One Spanish people, the Cantabri, represented by the modern Basques, still retained their independence. They were not finally subdued till fifty years after the death of Sertorius, and even then they had to be watched and kept in order. Spain, however, as a whole became the most thoroughly Italian in manners and speech of all the provinces of Rome.

FOOTNOTES:

[35] Æmilius Paullus. This son had been adopted into the Fabian family.

[36] Possibly in recollection of the Royal Companions in the army of Alexander the Great, vide p. 130.

V

ACROSS EUPHRATES

It would be impossible to pass over without notice one of the most formidable enemies that Rome ever encountered—Mithradates, King of Pontus. Mithradates was, indeed, hardly to be called a barbarian. He had a taste for art and letters, had a museum of Greek and Persian antiquities, and played the part of a generous patron to poets and philosophers. But he was a barbarian at heart, savage and cruel in his dealings with his kinsfolk and his servants, and with no conception of enlightened rule. Rome, however oppressive and short-sighted her individual citizens might be, was an agent of civilisation, and her final triumph over the King of Pontus, the ablest, it may be said, of the Eastern potentates with whom she came into connection, was for the general good of mankind.

Mithradates came to the throne of Pontus in early youth. He cherished from the first ambitious schemes of extending his dominions.
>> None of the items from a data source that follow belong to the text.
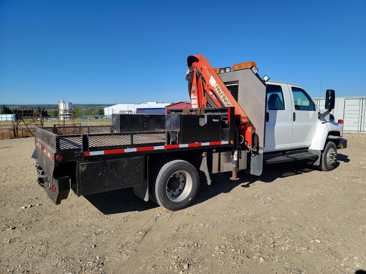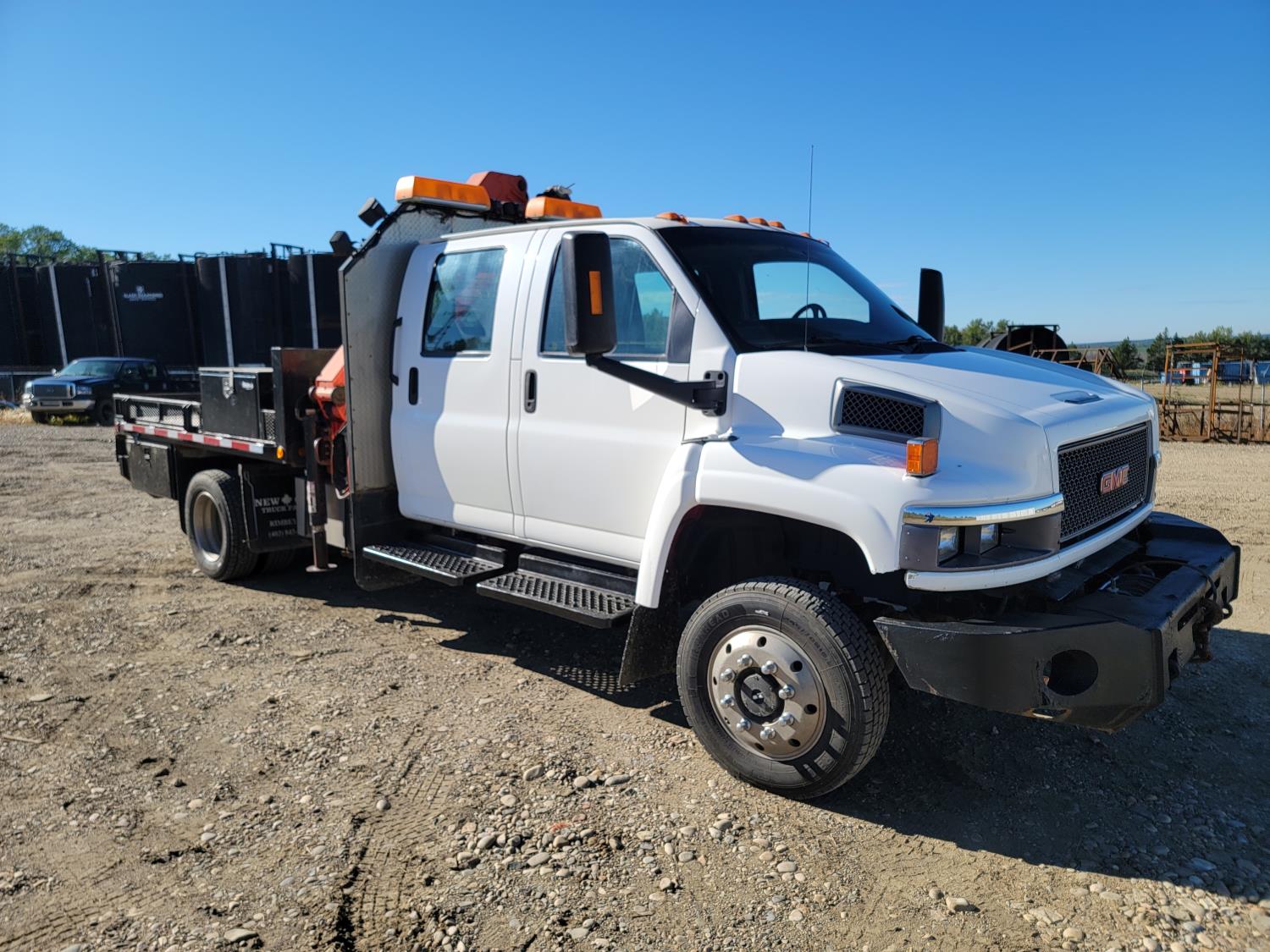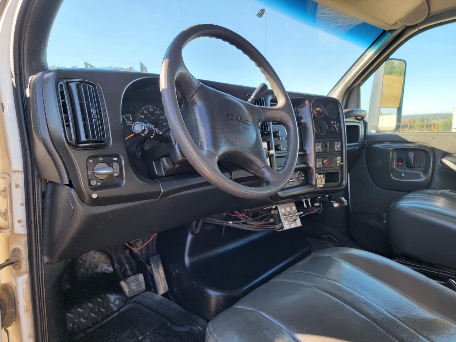 Gmc DURAMAX 6.6 L V8 diesel engine, Allison LCT 1000 transmission, A/C, cruise control, leather interior, stereo, Rear Trailer Hitch, Aluminum Wheels With 245/70 R19.5 tires, 8000lb winch, Headache Rack Beacons, Palfinger Picker Model # PK7501 Deck 92 Inches Wide X 120 Inches long
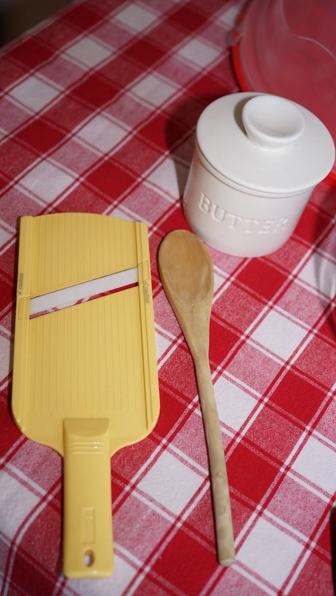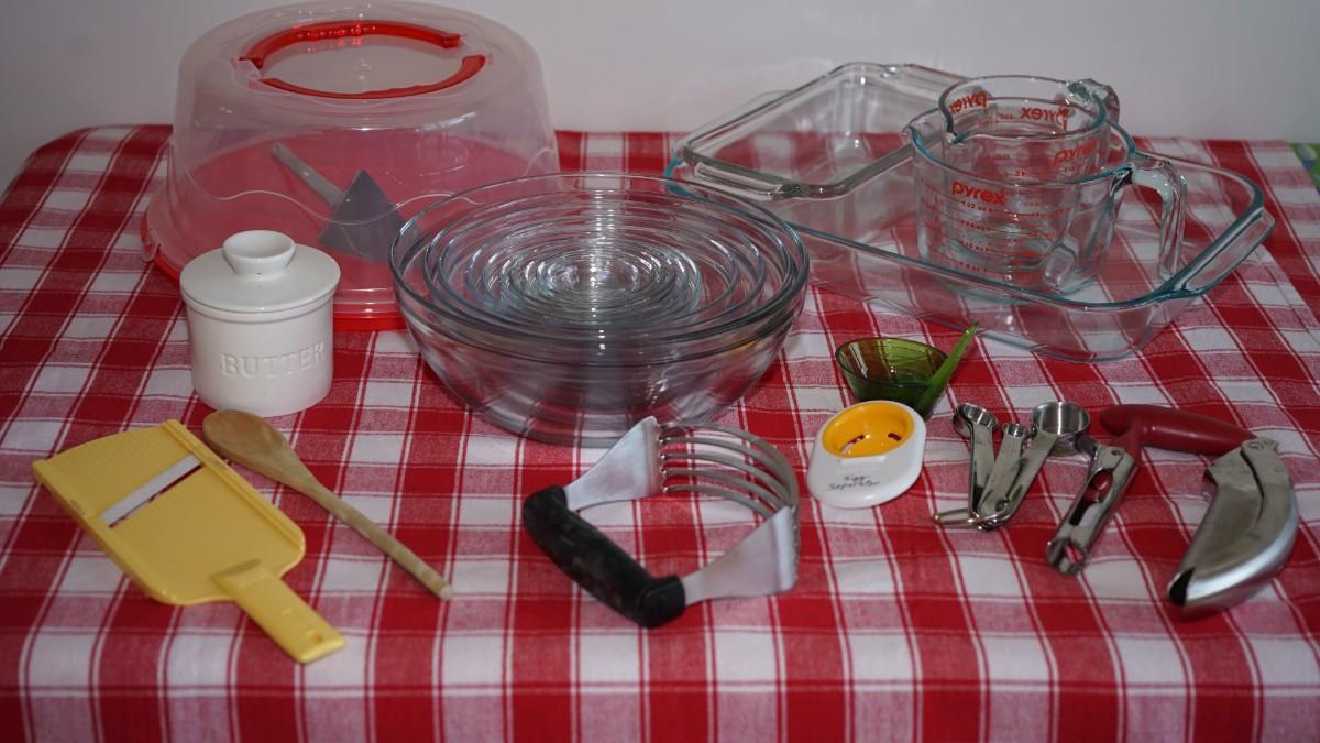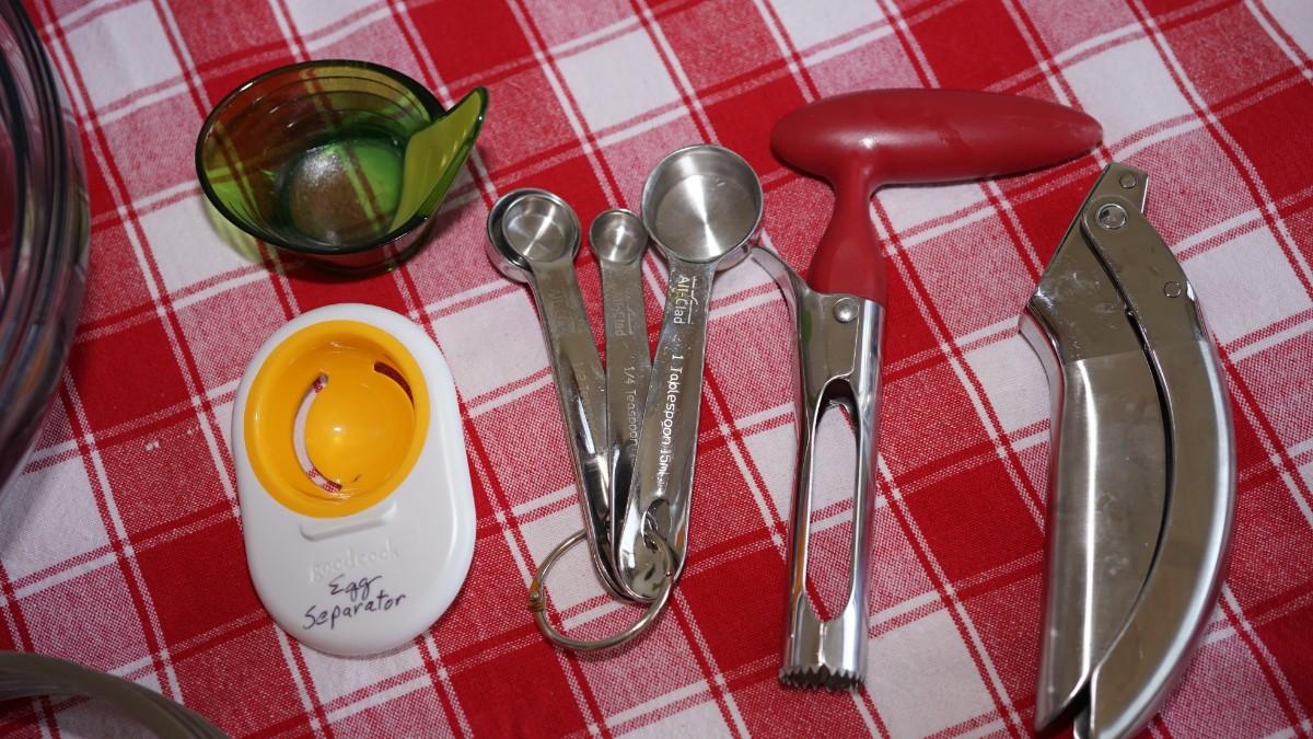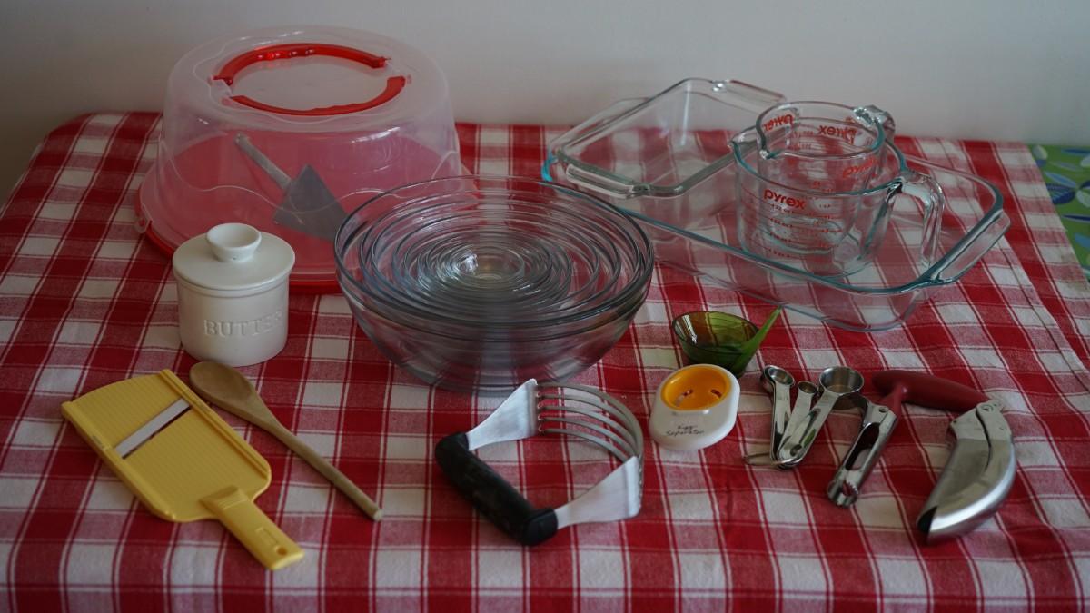 Baking needs to include pastry knife, egg separator, measuring spoons, Kuhn Rikon cracker, graters, butter keeper, jar for keeping that butter keeper with lid. apple corer, wooden spoon, grater. all in very good, lightly used.
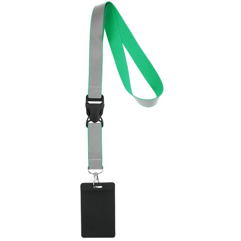 Лента для бейджа или пропуска с карабином и межъярусным замком. Такой замок позволит быстро отстегнуть часть ленты, чтобы приложить интерактивный бейдж или пропуск к считывателю, не снимая ленту через голову.
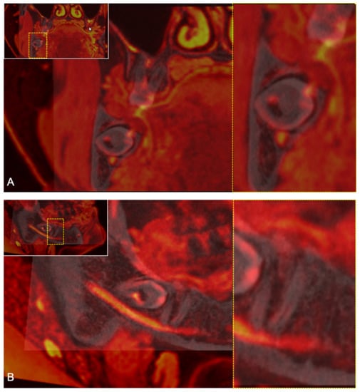 Figure 7. Fusion of a study participant’s 3D-DESS MRI (red) and CBCT (grey), demonstrating the good imaging quality. For orientation, the dotted rectangles in the corner show the enlarged area. (A) Coronal reconstruction showing the intraosseous position of the IAN (red, hyperintense signals) at the level of the third molar. (B) Sagittal reconstruction showing the intraosseous course of the IAN (red, hyperintense signals) at the level of the third and second molar.
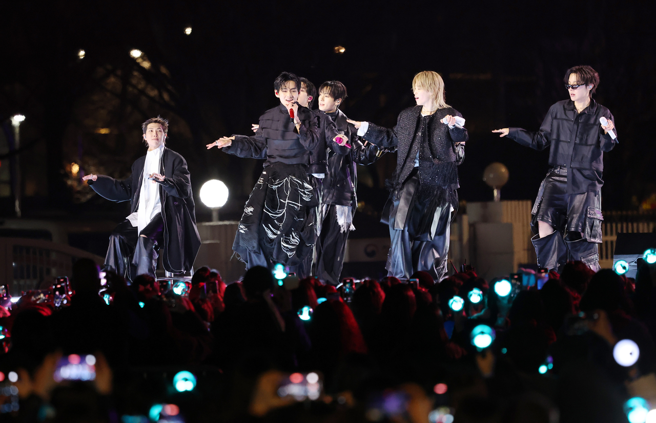 | 그룹 방탄소년단(BTS)이 지난 21일 서울 광화문 광장에서 정규 5집 ‘아리랑’(ARIRANG) 발매를 기념해 무료 공연 ‘BTS 컴백 라이브: 아리랑’(BTS THE COMEBACK LIVE|ARIRANG)을 열고 있다. [연합] |
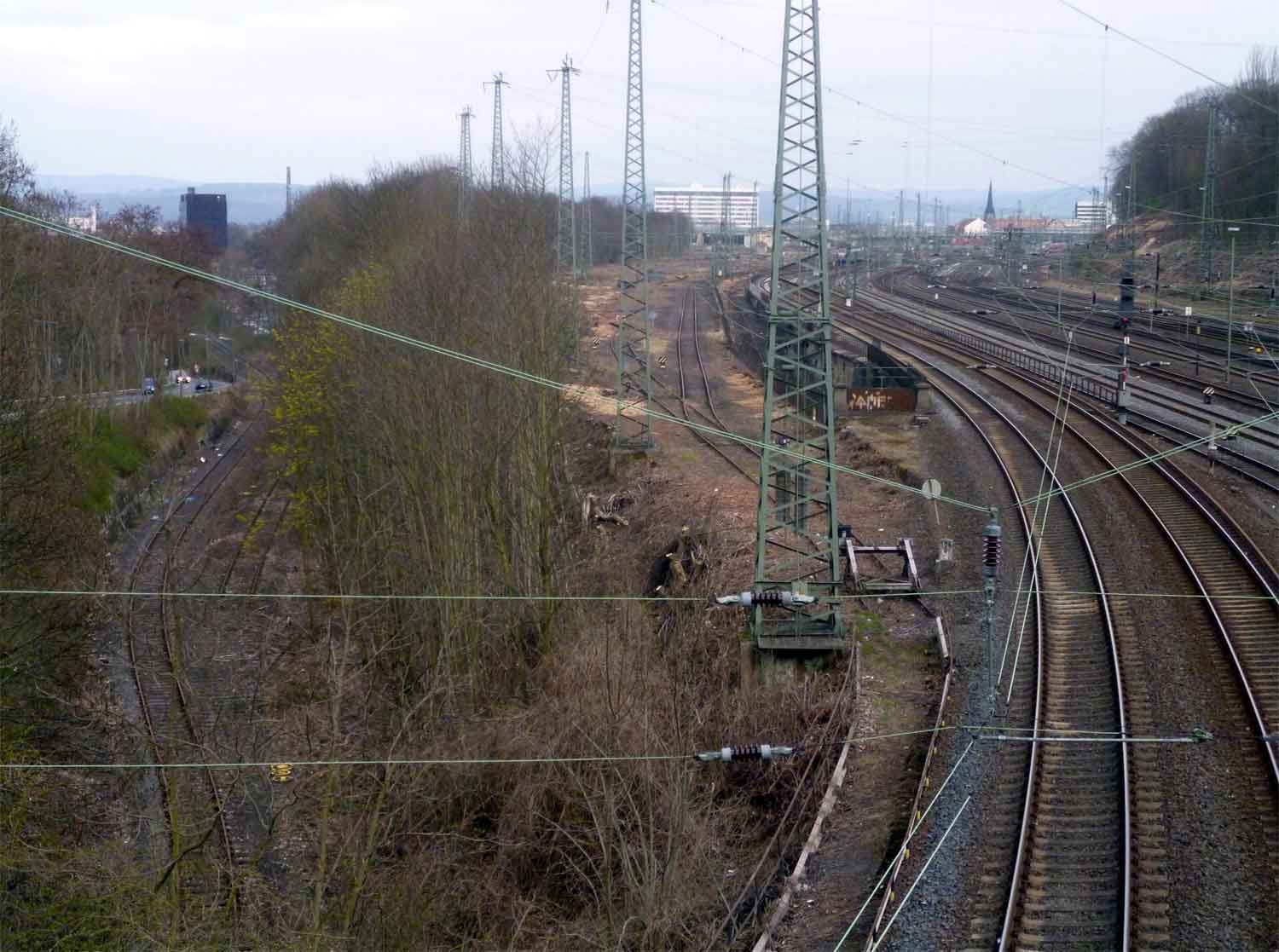 - Blick Richtung Kassel Unterstadt bzw Kassel Hbf Links die Strecke Kassel Hbf, Stw Klb, W 463, km 1,201 - Kassel Unterstadt, Gl 13, km 3,271 (3911) Rechts abgetrennt die Strecke
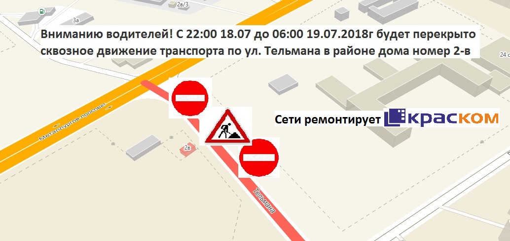 Сегодня, 18 июля с 10 часов вечера до 6 часов утра 19 июля для ремонта сетей водоснабжения будет перекрыт сквозной проезд транспорта по ул. Тельмана в районе дома номер 2-в.

At first his efforts were directed against his neighbours on the north and east; when he attempted to extend his frontiers westward he naturally came into collision with the Romans. It is needless to go into details; it will suffice to say that war was declared in B.C. 89. The time suited Mithradates very well, for it found Rome in a very helpless condition. What is called the Social War, i.e., the revolt of the Italian allies against Rome, was still in progress, and there was positively no army available to meet the huge host, nearly 300,000 in all, which the King brought into the field. All that the Roman officers in Lesser Asia could do was to shut themselves up in such fortified towns as they could hope to hold against the King. Mithradates now gave orders for an act which was as foolish as it was wicked. He was at Ephesus—the fact shows how little remained to Rome—when he directed that all Italians sojourning in Lesser Asia should be put to death. Had he said "Romans," not "Italians," he might have secured the combination with himself of the Italian adversaries of Rome. As it was he hopelessly alienated them.

Nor did he make himself better liked by his new subjects in Asia. They found that in exchanging masters they had lost much more than they had gained. The Romans were often oppressive, but they had at least some kind of system, and were, in theory at least, subject to law; the King was a capricious tyrant, whose whims, often as cruel as they were strange, had to be instantaneously humoured under pain of death or torture. The end was that Mithradates was beaten everywhere. An army which he had sent into Greece was destroyed. His arms were equally unsuccessful in Asia. An attempt to make common cause with Sulla's political opponents—some of the democratic leaders were actually in arms—came to nothing. Finally, in 84 peace was made. The King had to give up all his conquests, to surrender for punishments the men who had taken a leading part in the massacre, and to pay a war indemnity of 20,000 talents.[37]